Virtual memory is an abstraction of physical memory. The purpose of virtual memory is generally to simplify application development and to let processes address more memory than what is actually physically present in the machine. We also don’t want applications messing with the kernel or other applications’ memory due to security.
In the x86 architecture, virtual memory can be accomplished in two ways: segmentation and paging. Paging is by far the most common and versatile technique, and we’ll implement it the next chapter. Some use of segmentation is still necessary to allow for code to execute under different privilege levels.
Virtual Memory Through Segmentation?
You could skip paging entirely and just use segmentation for virtual memory. Each user mode process would get its own segment, with base address and limit properly set up. This way no process can see the memory of another process.
A problem with this is that the physical memory for a process needs to be contiguous (or at least it is very convenient if it is). Either we need to know in advance how much memory the program will require (unlikely), or we can move the memory segments to places where they can grow when the limit is reached (expensive, causes fragmentation — can result in “out of memory” even though enough memory is available).

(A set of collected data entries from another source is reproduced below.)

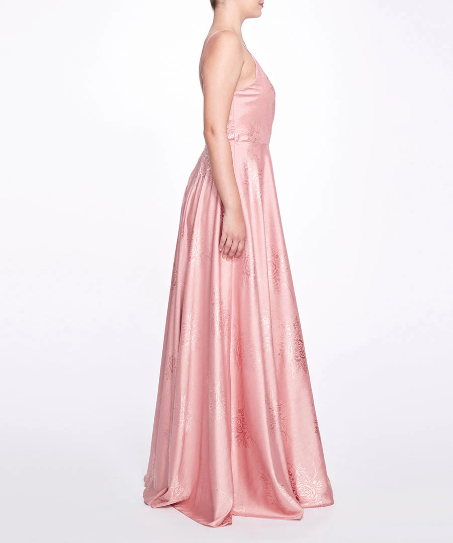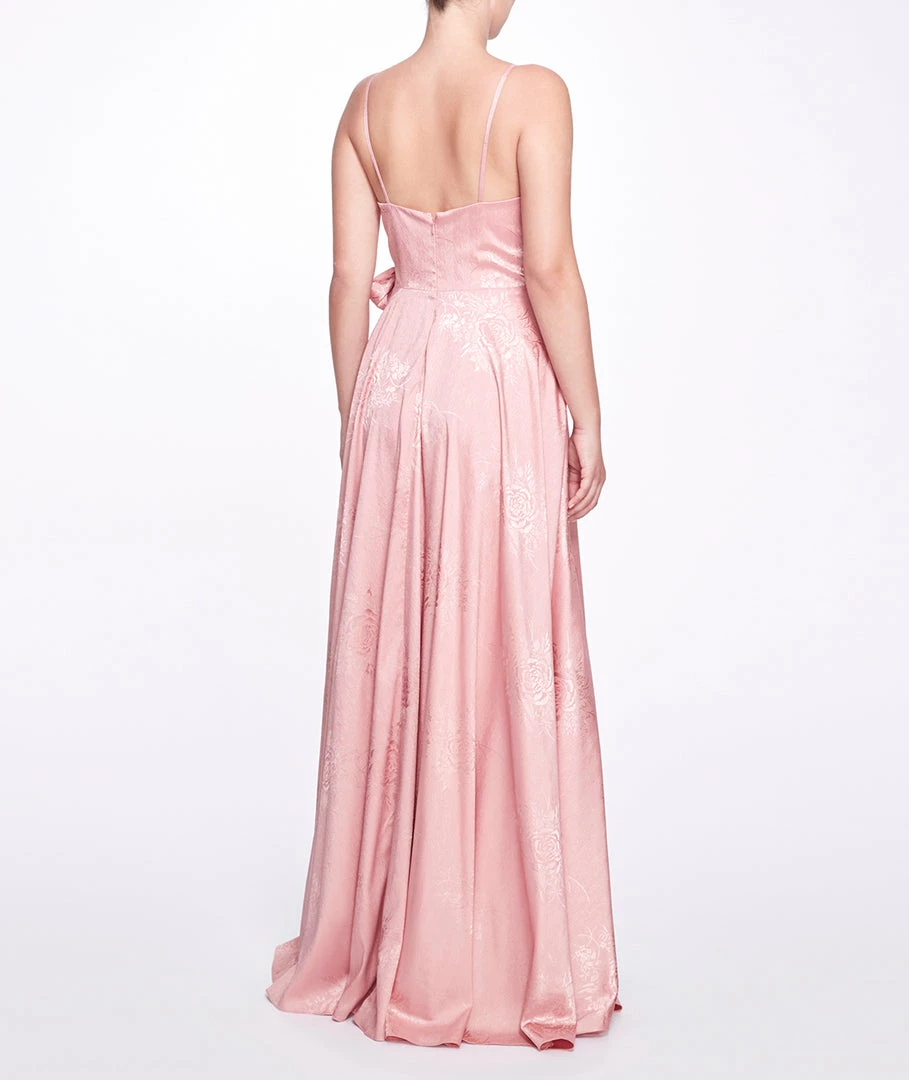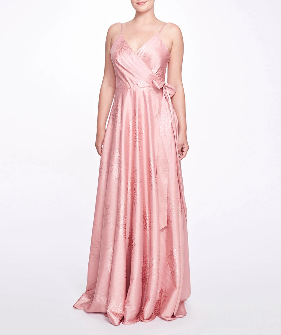 All eyes will be on you at your next event in this Matera gown. Featuring a wrap neckline and the hidden floral pattern.Â
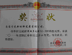 NJ-380項目獲鎮(zhèn)江市科技進步三等獎
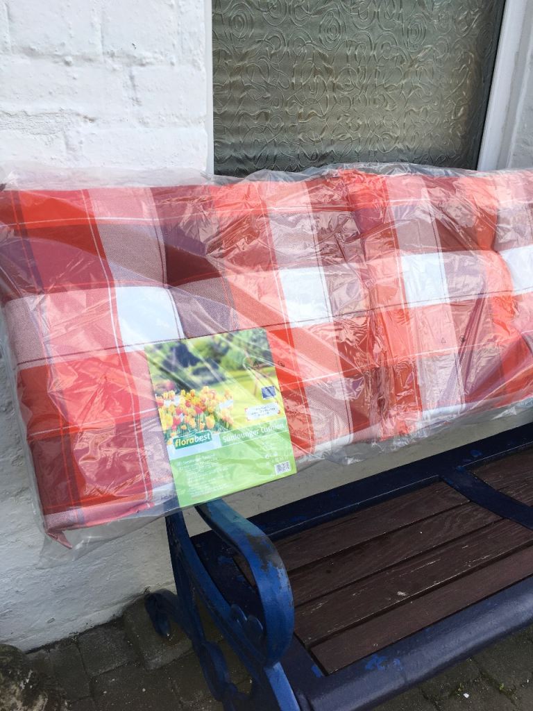 Sun lounger Cushion Pad. Quality 8cm deep cushion. Cover made from pure cotton. Optimal hold with stretch back strap and side cords. Fire resistant.

Paging solves both these problems.
It is interesting to note that in x86_64 (the 64-bit version of the x86 architecture), segmentation is almost completely removed.

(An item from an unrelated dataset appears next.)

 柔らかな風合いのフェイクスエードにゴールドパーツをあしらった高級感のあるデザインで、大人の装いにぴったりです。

Segmentation translates a logical address into a linear address. Paging translates these linear addresses onto the physical address space, and determines access rights and how the memory should be cached.
Paging is the most common technique used in x86 to enable virtual memory. Virtual memory through paging means that each process will get the impression that the available memory range is
0xFFFFFFFF even though the actual size of the memory might be much less.
It also means that when a process addresses a byte of memory it will use a virtual (linear) address instead of physical one. The code in the user process won’t notice any difference (except for execution delays). The linear address gets translated to a physical address by the MMU and the page table. If the virtual address isn’t mapped to a physical address, the CPU will raise a page fault interrupt.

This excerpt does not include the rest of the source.